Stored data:
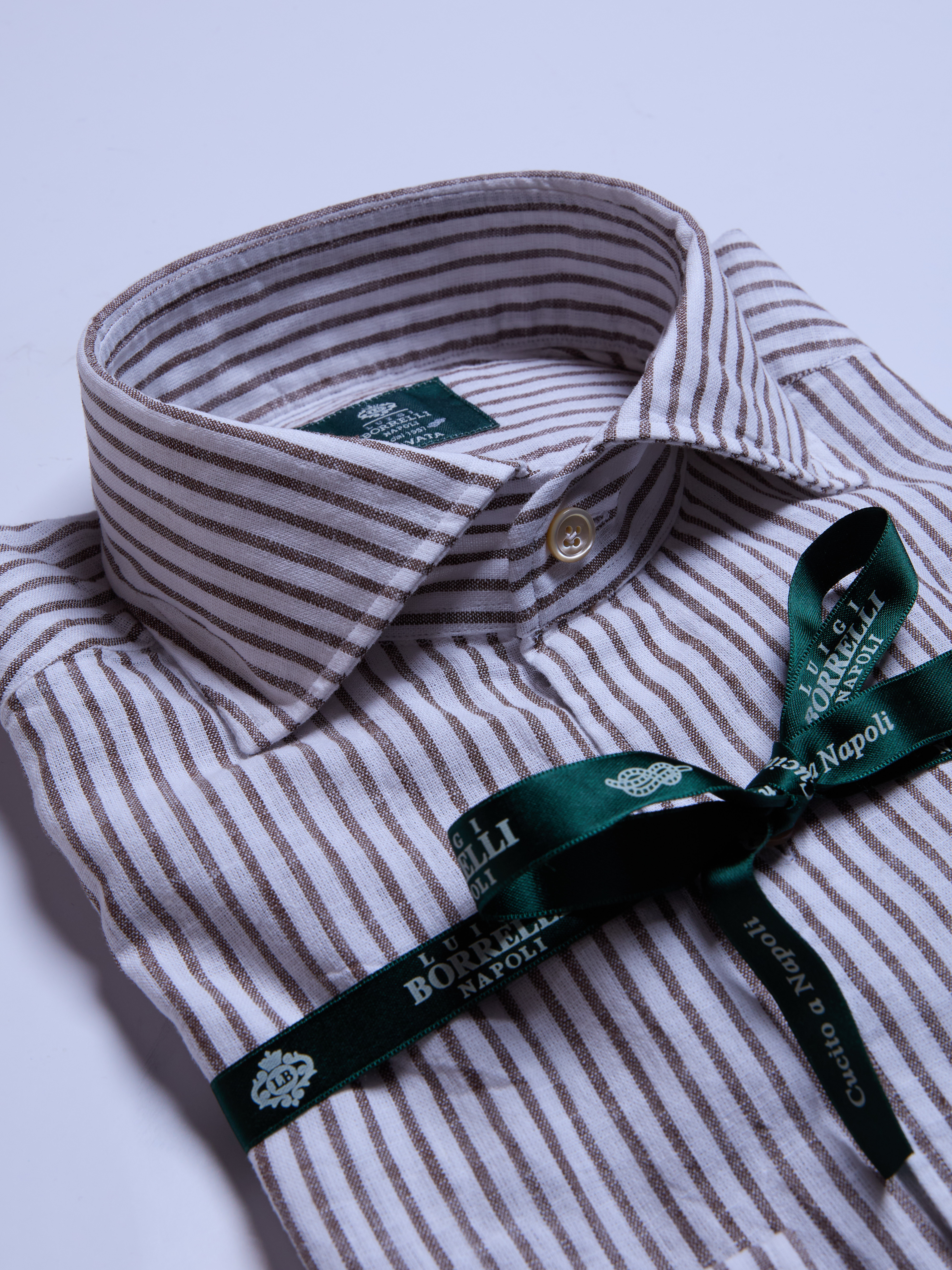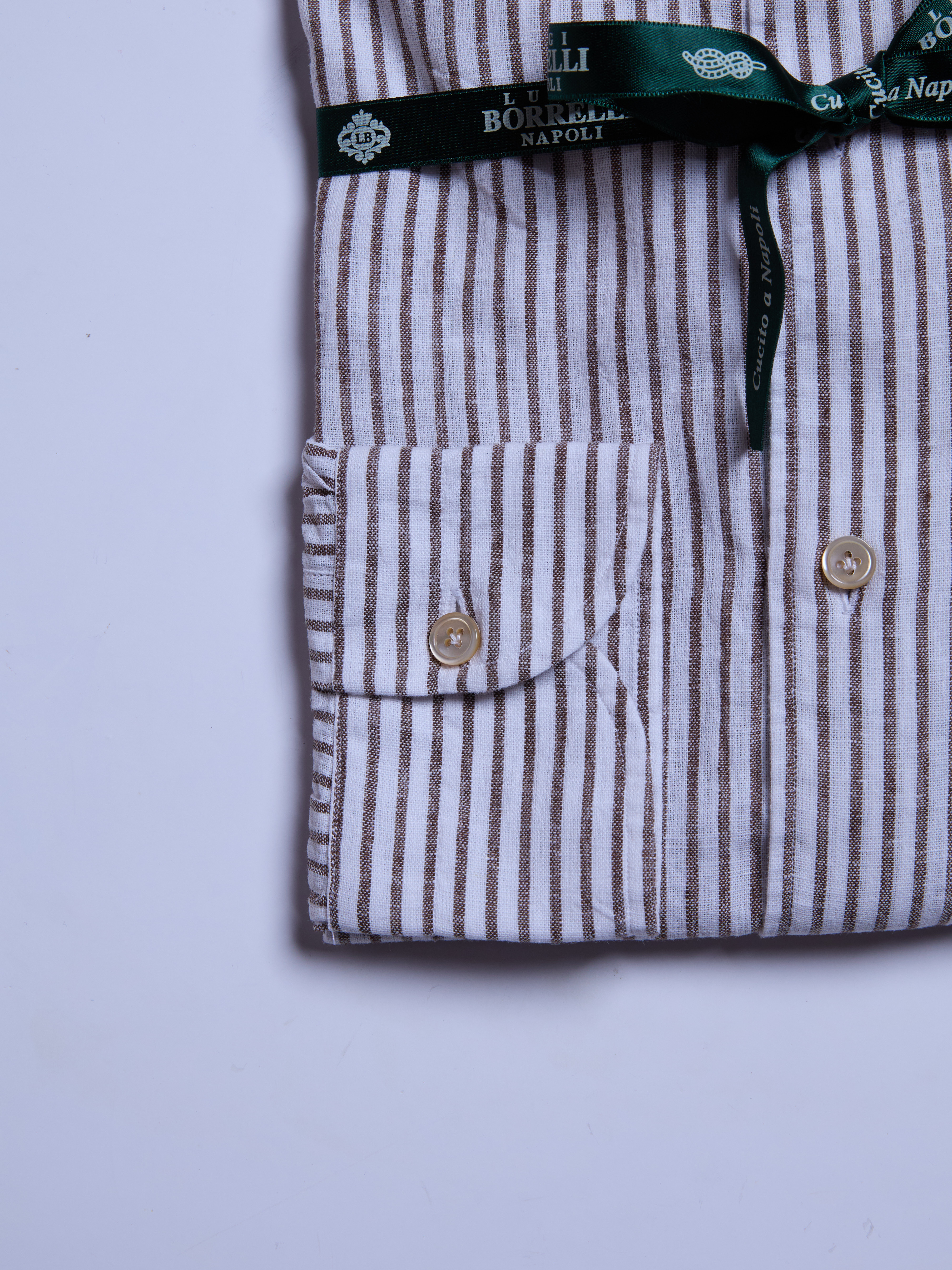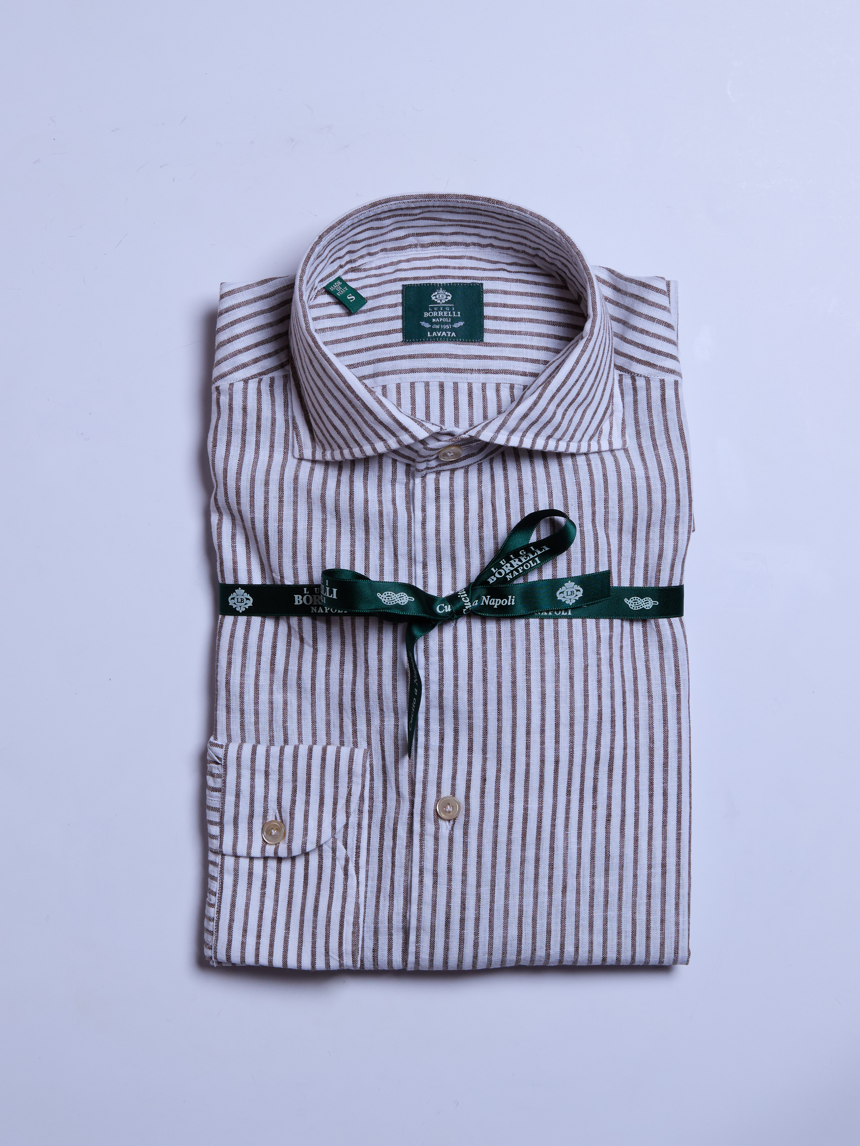 CAMICIA "MISTO LINO" RIGHE - MARRONE
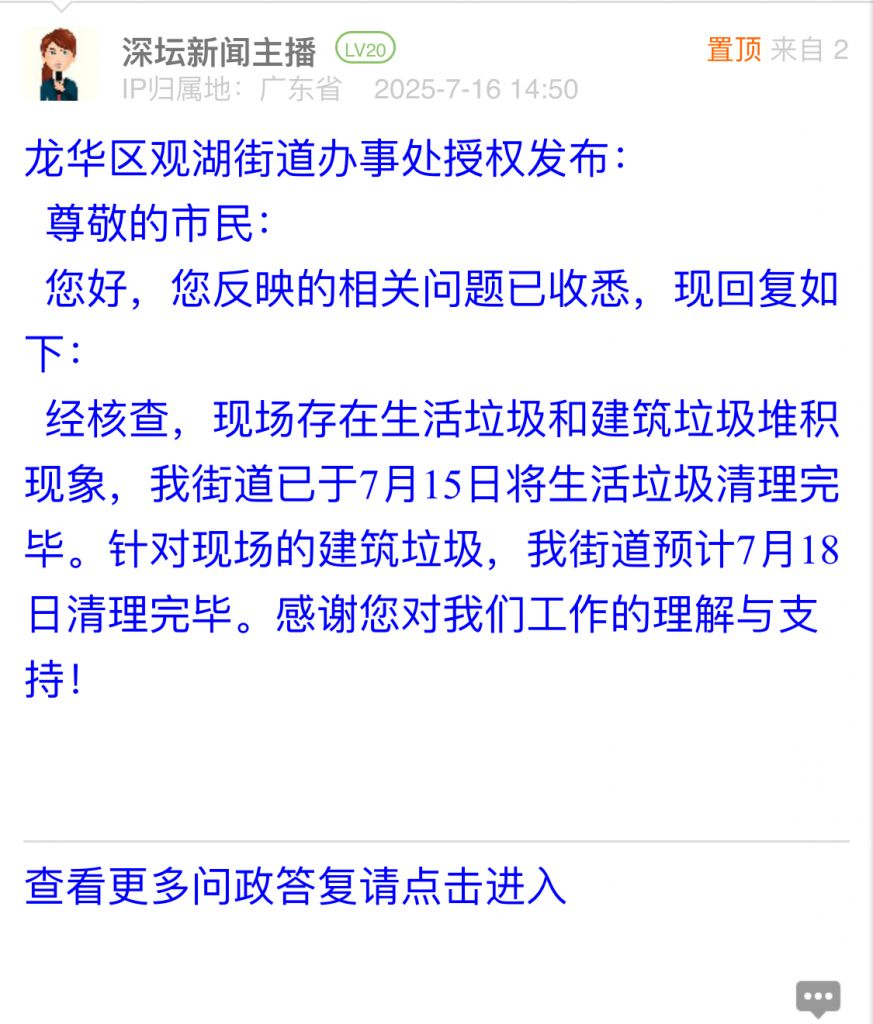 经核查,现场存在生活垃圾和建筑垃圾堆积现象,我街道已于7月15日将生活垃圾清理完毕。针对现场的建筑垃圾,我街道预计7月18日清理完毕。感谢您对我们工作的理解与支持!
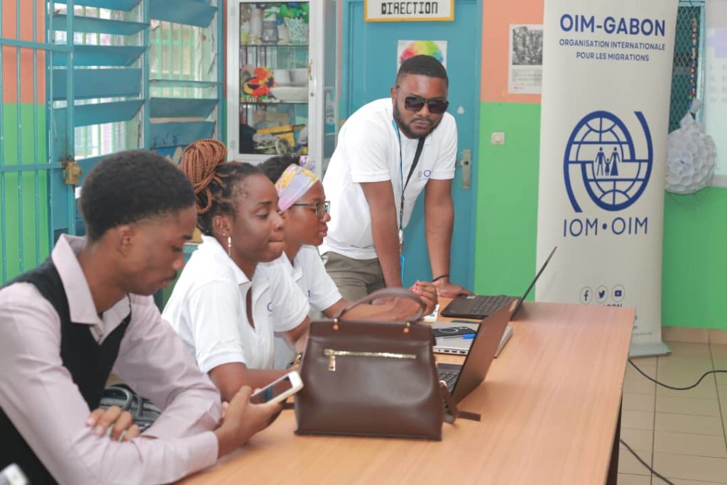 Le Programme conjoint de sécurité humaine vise à renforcer la prévention, la protection et l’autonomisation dans la migration mixte vers le Gabon, y compris la sensibilisation et la formation des migrants en situation de vulnérabilité. Face à ces nouveaux flux migratoires, la réaction du Gabon dans le cadre de ce programme consiste à renforcer ses réponses juridiques et judiciaires, à améliorer les procédures permettant de déterminer le statut légal des personnes qui arrivent, à veiller à ce que les criminels soient sanctionnés, à renforcer sa capacité à protéger et à soutenir les victimes, à aider à l’intégration de ceux qui resteront au Gabon et à favoriser la sensibilisation et l’acceptation au sein de la population locale notamment. C’est dans cette perspective que l’OIM accompagne le gouvernement dans l’atteindre du résultat 2.1 : Les migrants et les réfugiés sont mieux intégrés socio-économiquement dans la société gabonaise et la cohésion sociale globale est renforcée. De façon pratique, cet appui de l’OIM est matérialisé par la campagne d’éducation, de sensibilisation et d’information du public sur la prévention de la traite des êtres humains, les deux Pactes mondiaux et le cadre de sécurité humaine lancée depuis le 28 novembre 2023 et mise en œuvre/coordonnée par l’agence de communication EXOPUB.
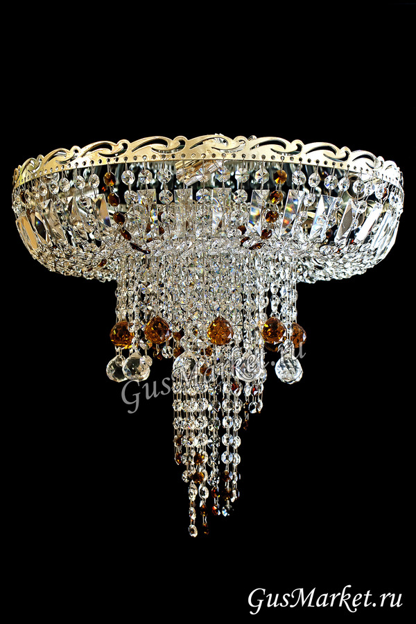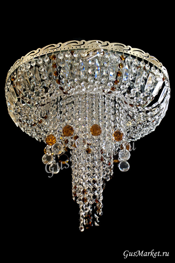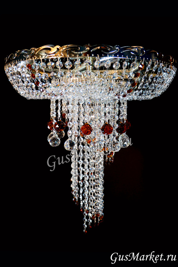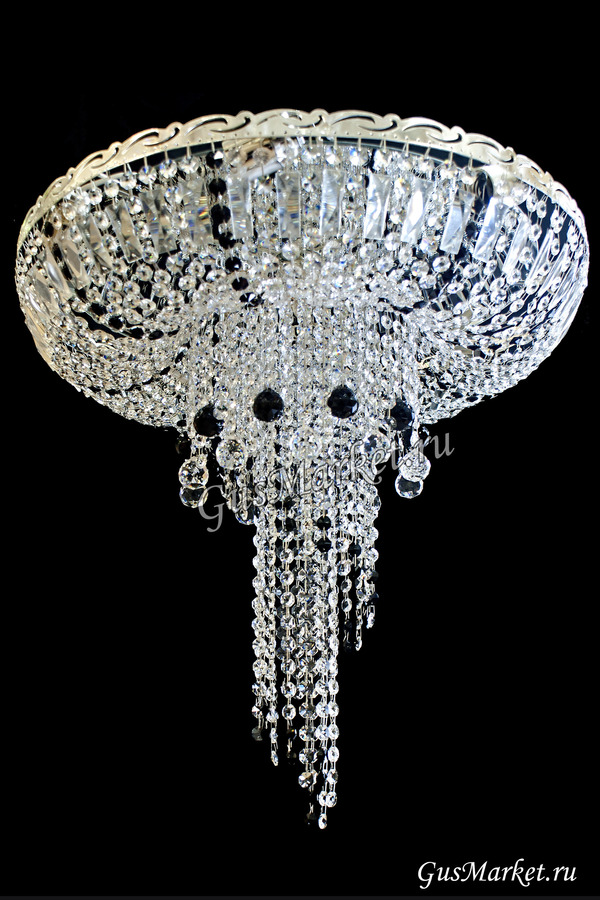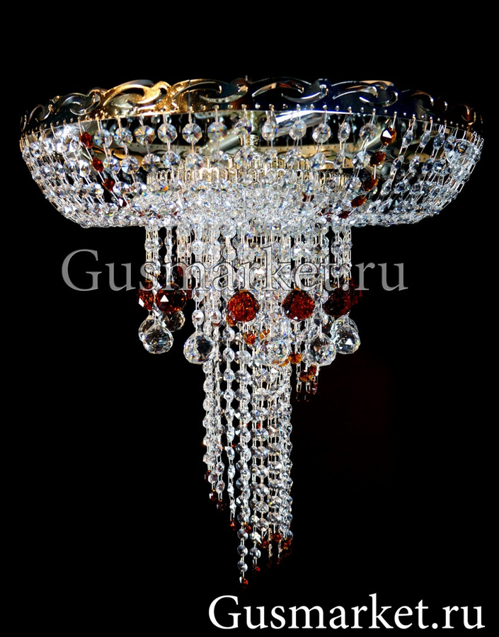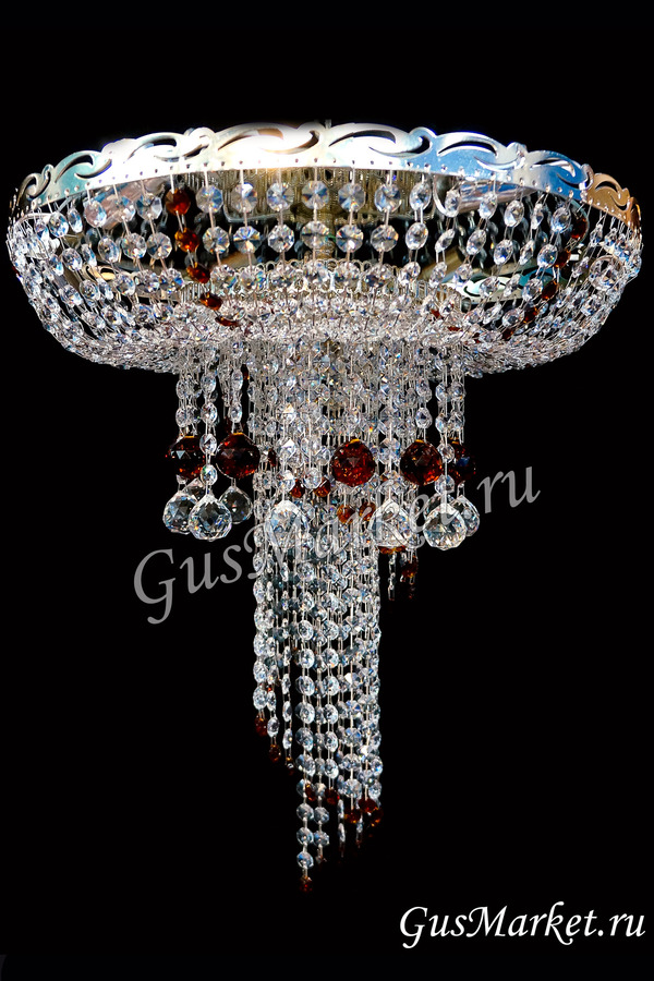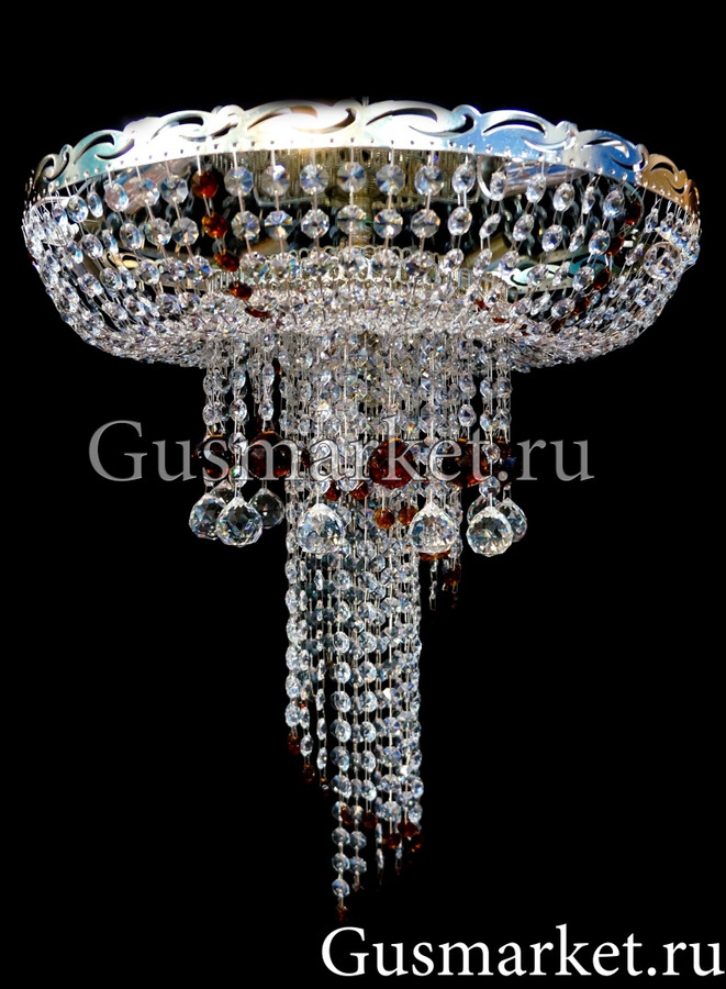 Хрустальная люстра "Анжелика" с зеркалом, дополнительно украшена шариками. Производство г. Гусь-Хрустальный. Возможно добавление цветных хрусталиков. Крепление крючковое. Поставляется в собранном виде.
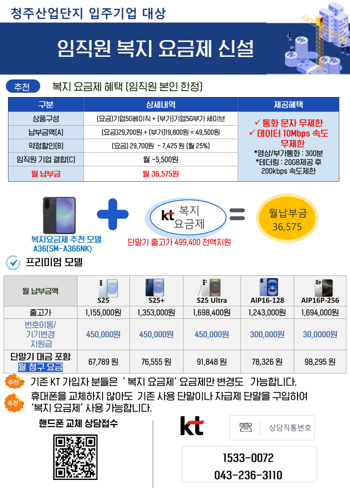 청주산업단지 입주기업 대상 'KT 임직원 복지 요금제' 신설 안내
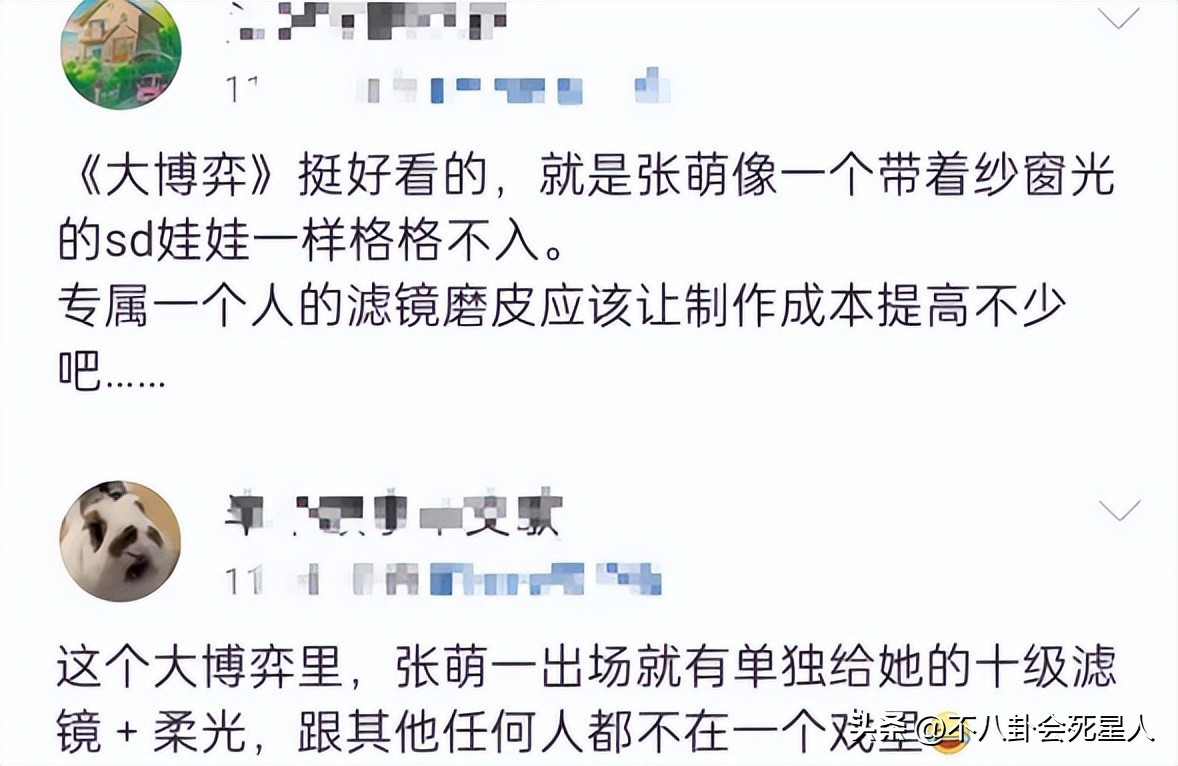 实话实说,张萌单独开滤镜,五官都看不清了,不仅失真,也没有美感,看久了挺折磨观众眼睛的,很多观众都在反应这个问题。
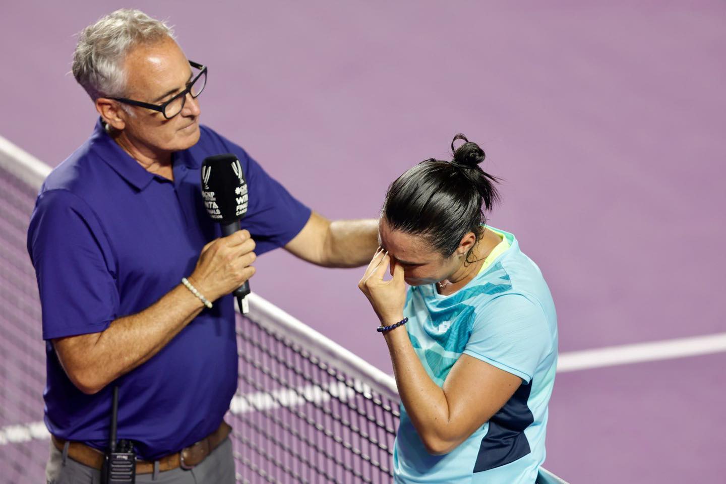 وبعد فوزها على “ماركيتا فوندروسوفا” في دور المجموعات لنهائيات اتحاد التنس النسائي 2023، قالت أنس: “أنا سعيدة جداً بالفوز، لكنني لم أكن سعيدة جداً مؤخراً. الوضع في العالم لا يجعلني سعيدة أشعر وكأنني… أنا آسفة” ثم أجهشت البطلة التونسية بالبكاء ولم تستطع إكمال كلمتها تحت تصفيقات الجماهير.

▶ **Prompt**
Make an exact copy of the records from their first line through the line containing "Le Programme conjoint", both ends included, with the pictures omitted.

▶ **Response area**
 CAMICIA "MISTO LINO" RIGHE - MARRONE
 经核查,现场存在生活垃圾和建筑垃圾堆积现象,我街道已于7月15日将生活垃圾清理完毕。针对现场的建筑垃圾,我街道预计7月18日清理完毕。感谢您对我们工作的理解与支持!
 Le Programme conjoint de sécurité humaine vise à renforcer la prévention, la protection et l’autonomisation dans la migration mixte vers le Gabon, y compris la sensibilisation et la formation des migrants en situation de vulnérabilité. Face à ces nouveaux flux migratoires, la réaction du Gabon dans le cadre de ce programme consiste à renforcer ses réponses juridiques et judiciaires, à améliorer les procédures permettant de déterminer le statut légal des personnes qui arrivent, à veiller à ce que les criminels soient sanctionnés, à renforcer sa capacité à protéger et à soutenir les victimes, à aider à l’intégration de ceux qui resteront au Gabon et à favoriser la sensibilisation et l’acceptation au sein de la population locale notamment. C’est dans cette perspective que l’OIM accompagne le gouvernement dans l’atteindre du résultat 2.1 : Les migrants et les réfugiés sont mieux intégrés socio-économiquement dans la société gabonaise et la cohésion sociale globale est renforcée. De façon pratique, cet appui de l’OIM est matérialisé par la campagne d’éducation, de sensibilisation et d’information du public sur la prévention de la traite des êtres humains, les deux Pactes mondiaux et le cadre de sécurité humaine lancée depuis le 28 novembre 2023 et mise en œuvre/coordonnée par l’agence de communication EXOPUB.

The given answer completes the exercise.